Shohei Ohtani mostly mowed down the Oakland Athletics during his first two MLB starts. (Jae C. Hong/Associated Press)

Through Shohei Ohtani’s first couple of weeks with the Los Angeles Angels, those Babe Ruth comparisons have more than held up. In fact, now the Japanese sensation is doing things even the Great Bambino did not accomplish.

For example, in one of his first two MLB games pitched, Ruth did not strike out 12 batters while allowing one or fewer hits and walks. In fact, that feat had only been achieved twice before Sunday, by Juan Marichal in 1960 and Steve Woodard in 1997 (per

Over seven masterful innings against the Athletics, in a 6-1 Angels win, Ohtani joined that Ruth-less duo, getting his second win in as many starts. Oh, and the gem came after the 23-year-old hit a home run in each of his previous three games as a designated hitter for Los Angeles.

Ruth was among only two players to hit a homer in three straight games and have an outing with double-digit strikeouts in the same season, having done so in 1919 — Ken Brett also did it in 1973 — before Ohtani did so in the same week. He was perfect through 19 Oakland batters Sunday, at which point, combined with a debut outing that also came against the A’s, he had retired 27 straight hapless hitters.

“That’s as good a game,” Angels Manager Mike Scioscia said (via USA Today), “as you could ever see pitched.”

“It’s a rare kind of talent to do it both ways, and it’s great to watch,” second baseman Zack Cozart said. “It didn’t look like [the A’s] had a chance up there, the way he was throwing.”

Want some more impressive pitching numbers?
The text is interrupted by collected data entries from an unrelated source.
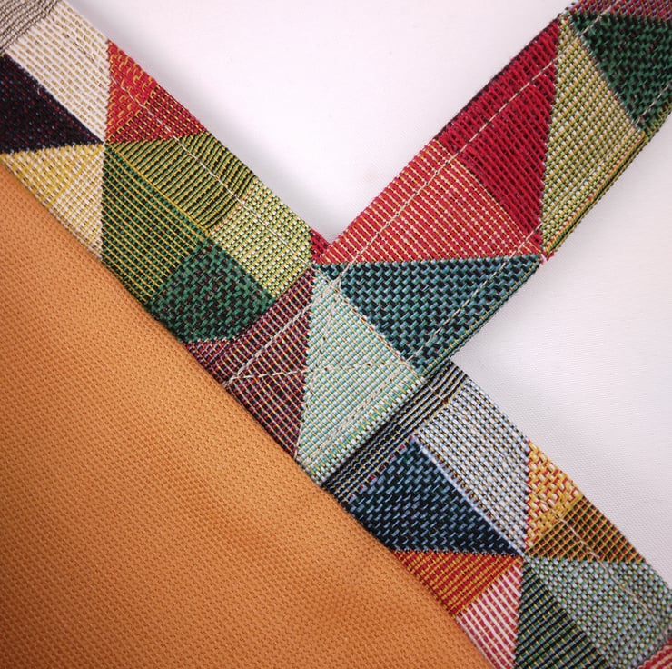 Multi colour diamond design, with solid orange lining. Pattern placement varies.
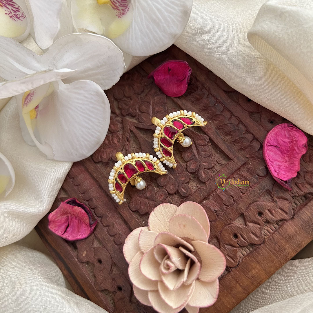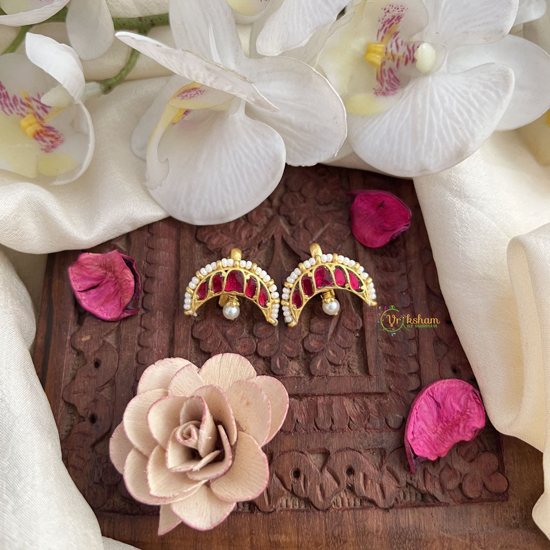 Introducing the Vriksham Half Moon Maharashtrian Style Press Bugadi-Red, crafted with exquisite attention to detail and inspired by traditional Maharashtrian designs. Made to add a touch of elegance and allure to any outfit, this unique piece is a must-have for those seeking sophistication and luxury.
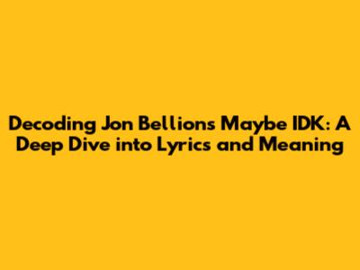 Unpacking Jon Bellion's 'Maybe IDK': Lyrics, Meaning & More
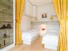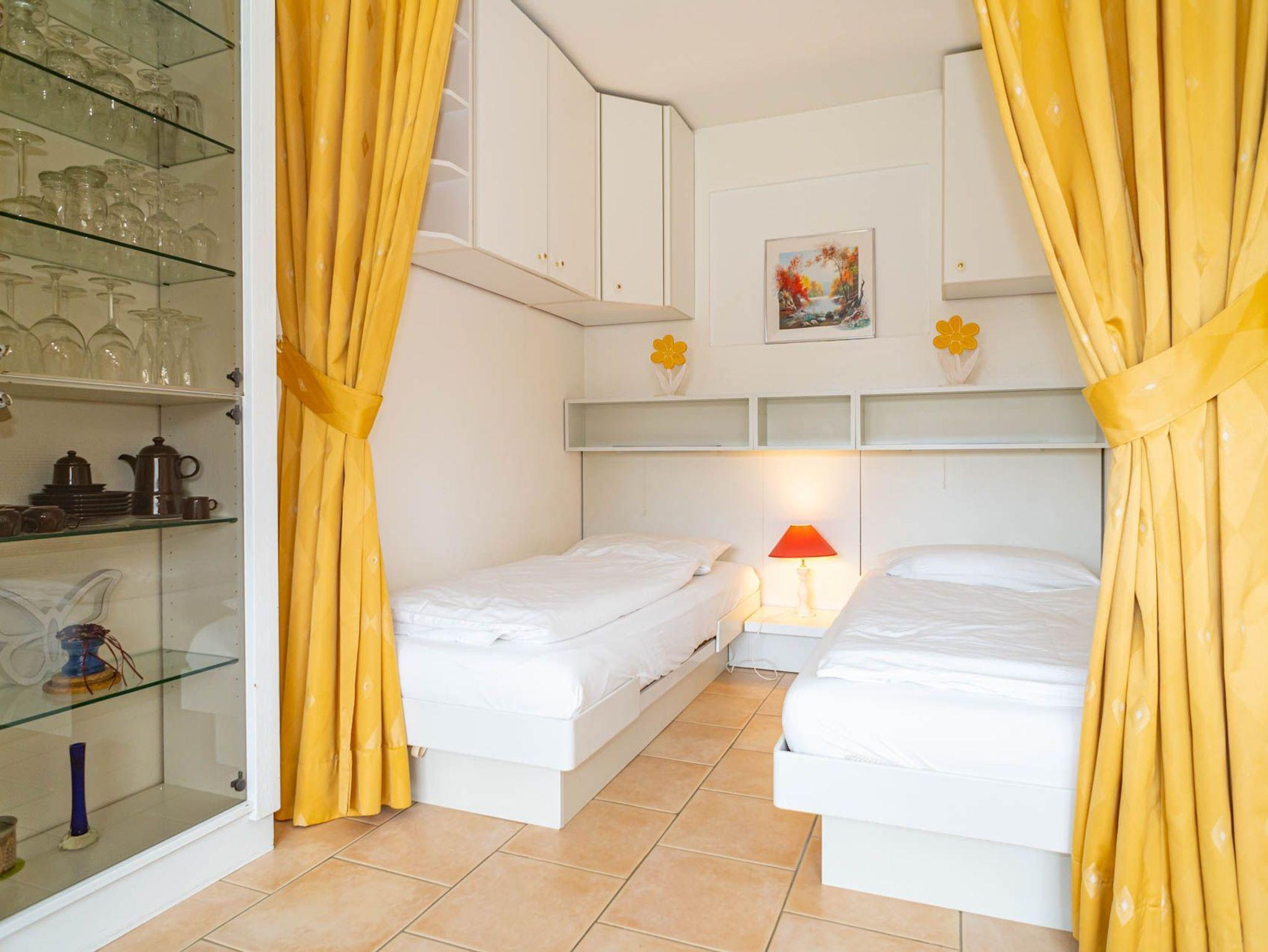 Die Schlafnische ist mit 2 Einzelbetten ausgestattet und kann durch einen Vorhang vom Wohnbereich getrennt werden.
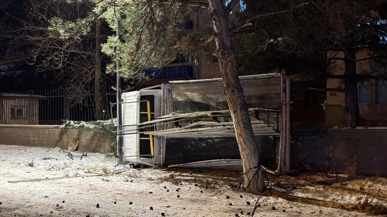 Çarpmanın etkisiyle savrulan kamyonet yol kenarında bulunan Jandarma At ve Köpek Eğitim Merkezi Komutanlığı'nın duvarına çarparak devrildi.
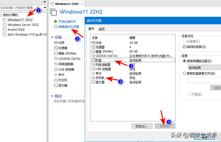 1、 选择虚拟机:编辑虚拟机设置–>硬件,移除用不到的设备
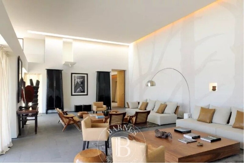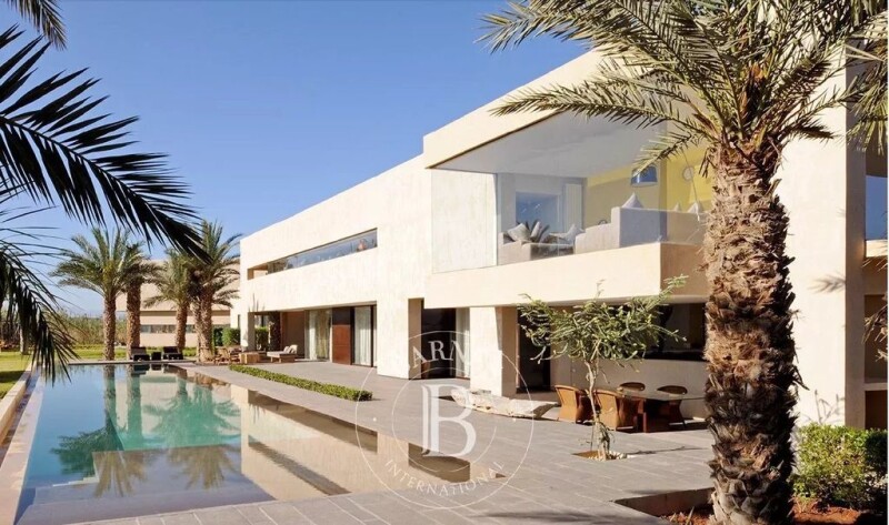 Located in Bab Atlas, the Villa offers a quiet and relaxing setting in the heart of the palm. The land has a breathtaking view of the snowy peaks of the Atlas mountain chain of Jebilates. The city center, the famous place Jamaa El Fna, the main tourist attractions and the lively Marrakech are easily accessible after a journey of twenty minutes by car. design: The Villa is located on a plot of 1 hectare .It has all the characteristics of a luxury villa in a minimalist architectural setting. The construction of the house mixes with subtlety of European-inspired avant-garde elements and noble materials characteristics of the local architectural tradition such as steel and natural stone. The particularly well studied distribution plan is functional to provide a comfortable environment while being practical and easy to live. Program : The villa with a covered area of ??1200m2 consists of 2 buildings connected by a corridor. Building 1 includes: An entrance with direct view of the pool A set reception lounge, dining room with fireplace A cinema room independent TV, A kitchen with a courtyard and equipped office, Guests of health, A master suite: bedroom, living room, dressing room, bathroom, shower, separate toilet Building 2 consists of: Five rooms with private terrace, dressing bathtub, shower, separate toilet. The external include: A large terrace adjoining the lounge A pool with a length of 23m An outdoor lounge open on two sides drowned in a large square of white roses An outdoor dining area Side town, at the entrance, the caretaker's house with living room, bedroom, kitchen and bathroom.
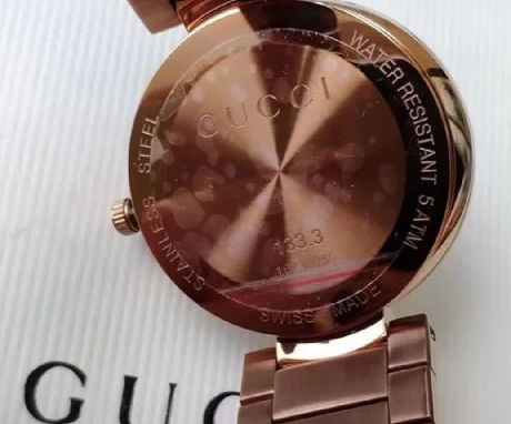 古驰手表的表链和表扣也具有很高的辨识度。正品表的链节之间连接紧密,打磨精细,手感顺滑。而仿冒品往往连接不规整,边缘粗糙,甚至出现毛刺。此外,表扣上的Gucci标志也应清晰可见,无模糊或重影现象。
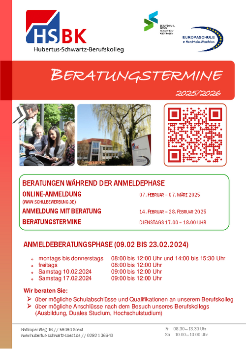 - Im Zeitraum vom 14. bis 28. Februar 2025 finden individuelle Anmeldeberatungen innerhalb der Öffnungszeiten unseres Berufskollegs statt.
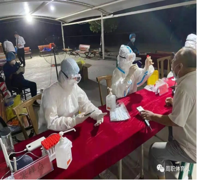 周口职业技术学院体育学院体教三班团支书李林清,在郑州疫情开始后,看到招募志愿者就积极报名,参加了志愿者,帮助医护人员进行核酸检测,维护秩序,送水,送温暖。组织居民们进行扫码登记核酸检测充分展现了周口职业技术学院学子们助人为乐,积极向上的高尚品质。组织居民们进行扫码登记核酸检测。
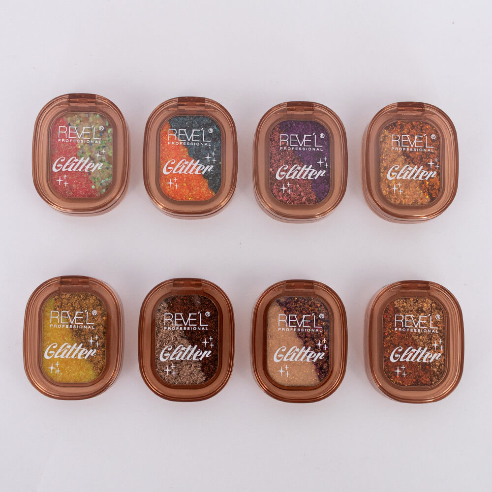 Paleta de glitter prensado o sombras escarchadas para un maquillaje único y reluciente

  • Ohtani became the 14th major leaguer with at least 12 strikeouts in one of his first two starts, and the first since the Nationals’ Stephen Strasburg in 2012.
  • His game score of 90 is tied for seventh-highest for a pitcher in his second MLB start.
  • Ohtani’s 18 strikeouts are tied for the most by an Angel in his first two starts.
  • His 54.5 percent whiff rate (the number of misses on total swings by opposing batters) Sunday was the fifth-highest in a game since Statcast began tracking such information in 2015.

Then, of course, there are Ohtani’s heroics at the plate, including a .462 batting average with six RBI in three home games, following a 1-for-5 outing in his MLB debut at Oakland. At the end of Sunday’s game, in which he did not bat — who else can’t wait for him to pitch in a National League park? — his 71.4 percent rate of hard-hit balls (defined as having an exit velocity of at least 95 mph) was the highest among all MLB players with at least 10 balls hit.

“He never looks like he’s out of place,” Angels catcher Martin Maldonado said. “He looks like a hitter when he’s batting and looks like a pitcher when he’s pitching. It’s impressive. We haven’t seen that before.’’

Well, we haven’t seen it in about a century, anyway, but even Ruth didn’t match some of Ohtani’s two-way accomplishments. Sure, it’s early in the season, making the Angels’ phenom something like the Sultan of Small Sample Sizes, but it’s safe to say he’s off to a historic, uniquely impressive start.